What is the best way to handle this? Add a gallon of water now? Wait and add a gallon when I keg it?

Any thoughts or suggestions would be greatly appreciated.
 
I say leave it. It will make for something that is about 20% higher in ABV and maybe more bitter than if you add water. I've never actually run in to this problem, but if I did, I would let her ride.

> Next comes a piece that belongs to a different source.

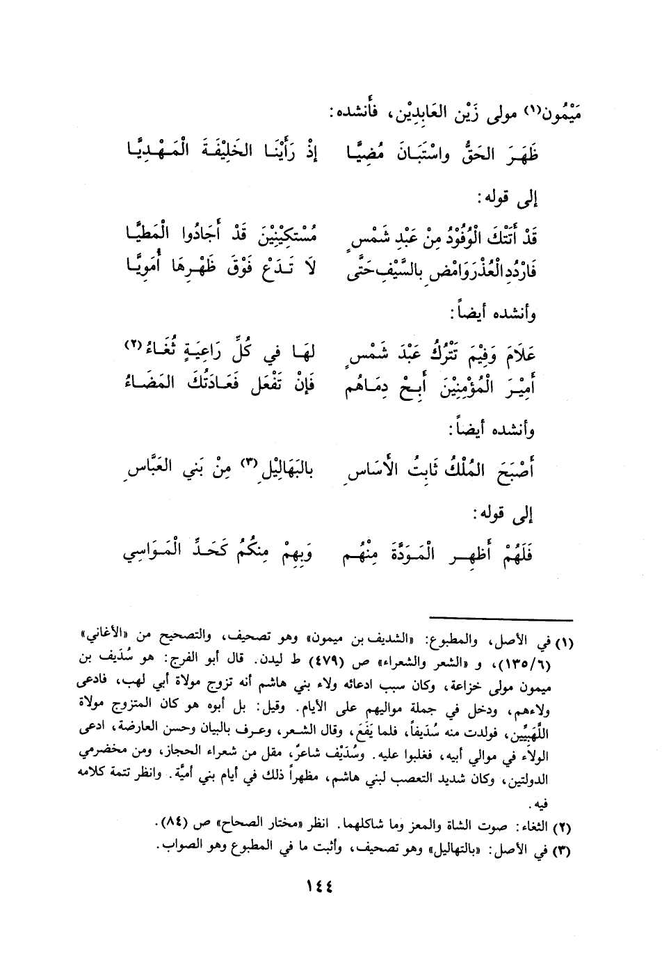 [1] في الأصل، والمطبوع: «الشديف بن ميمون» وهو تصحيف، والتصحيح من «الأغاني» (6/ 135) ، و «الشعر والشعراء» ص (479) ط ليدن. قال أبو الفرج: هو سديف بن ميمون مولى خزاعة، وكان سبب ادعائه ولاء بني هاشم أنه تزوج مولاة أبي لهب، فادعى ولاءهم، ودخل في جملة مواليهم على الأيام. وقيل: بل أبوه هو كان المتزوج مولاة اللهبيّين، فولدت منه سديفا، فلما يفع، وقال الشعر، وعرف بالبيان وحسن العارضة، ادعى الولاء في موالي أبيه، فغلبوا عليه. وسديف شاعر، مقل من شعراء الحجاز، ومن مخضرمي الدولتين، وكان شديد التعصب لبني هاشم، مظهرا ذلك في أيام بني أميّة. وانظر تتمة كلامه فيه.
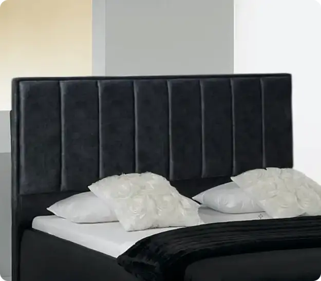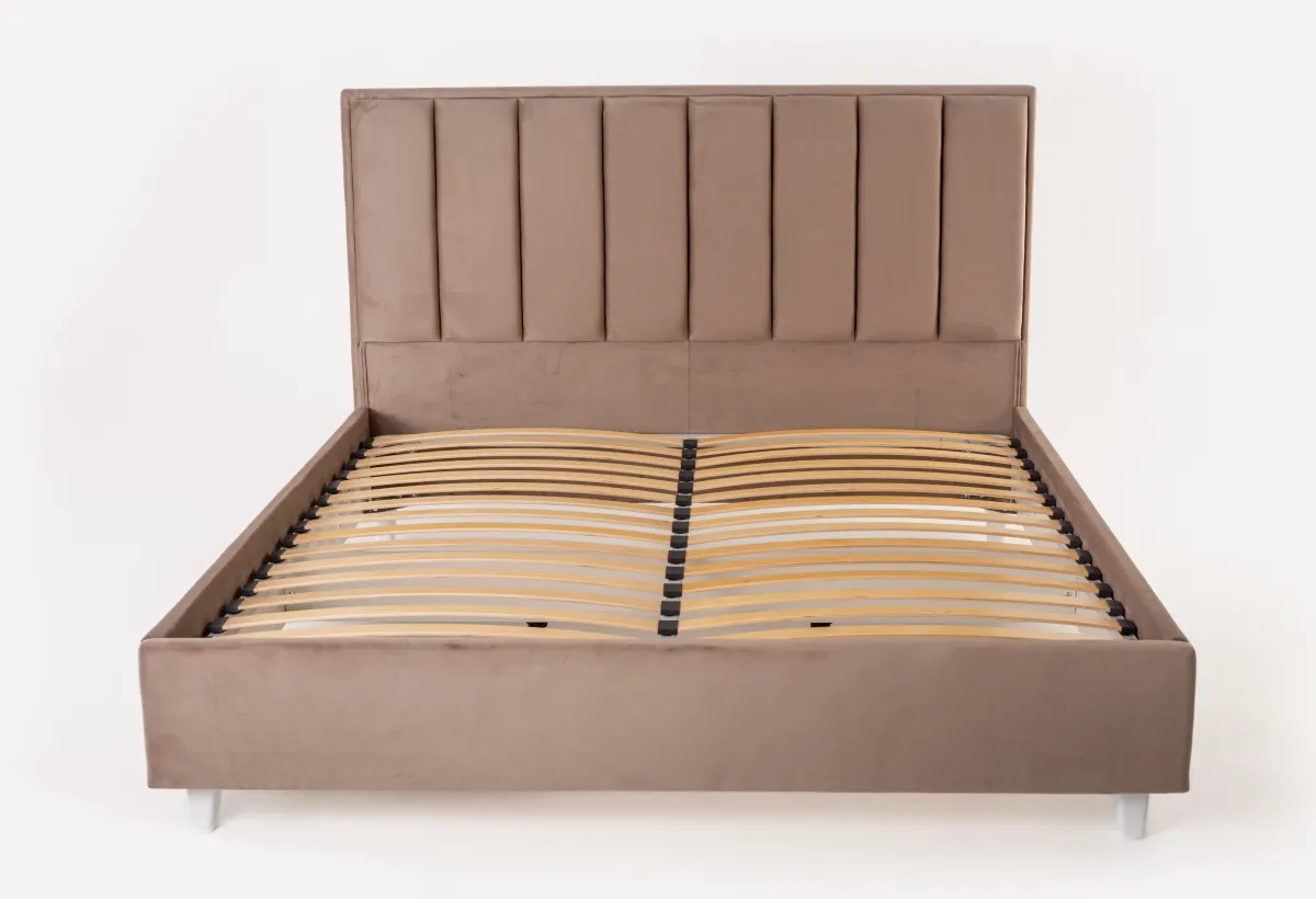 Роскошное высокое изголовьеКровать представляет собой элегантное и функциональное решение для современного интерьера. Она обладает высоким изголовьем, достигающим 1290 мм, что обеспечивает комфортную поддержку для спины во время чтения или просмотра телевизора. Изголовье выполнено из мягкого и приятного на ощупь велюра или рогожки, что придает кровати роскошный и уютный вид.

There is probably somebody on this forum who knows the negative implications of adding water at this point. If you certainly can't help yourself, make sure you at least boil your 1 gallon for 10 minutes, let it cool then toss it in to the fermenter. Just understand that adding to it now always gives bacteria and other nasties to get in there. That's my 2 cents.
 
Depends on your tastes. If it's an Ale, it will be more like an Old Ale. If it's an IPA it will be more like a Double IPA. If you were planning on a session then I would be inclined to add a gallon of purified water now while you still have a bunch of active yeast and any unwanted intruders can't take hold. (although the alternate thought of "finish fermentation so the yeast consume all the food before potentially introducing unwanted bacteria" is also sound).
 
It's an Irish Red. More bitter isn't necessarily a bad thing (in my opinion).
 
Wait for bottling and taste it. If you do add water, make sure to boil it, cool it, and then add it by siphoning to the bottling bucket before siphoning the beer to reduce oxidation. I prefer an Imperial Red to a standard anyway.

I did the opposite for my second batch, turned a 5 gallon oatmeal stout kit into a 6 gallon porter. It was fine.
 
In an Irish Red the outcome could actually be pretty good left alone, might finish heavy bodied like a traditional Irish Red Ale. My last IR was a little short on water and I actually liked it better and adjusted for it.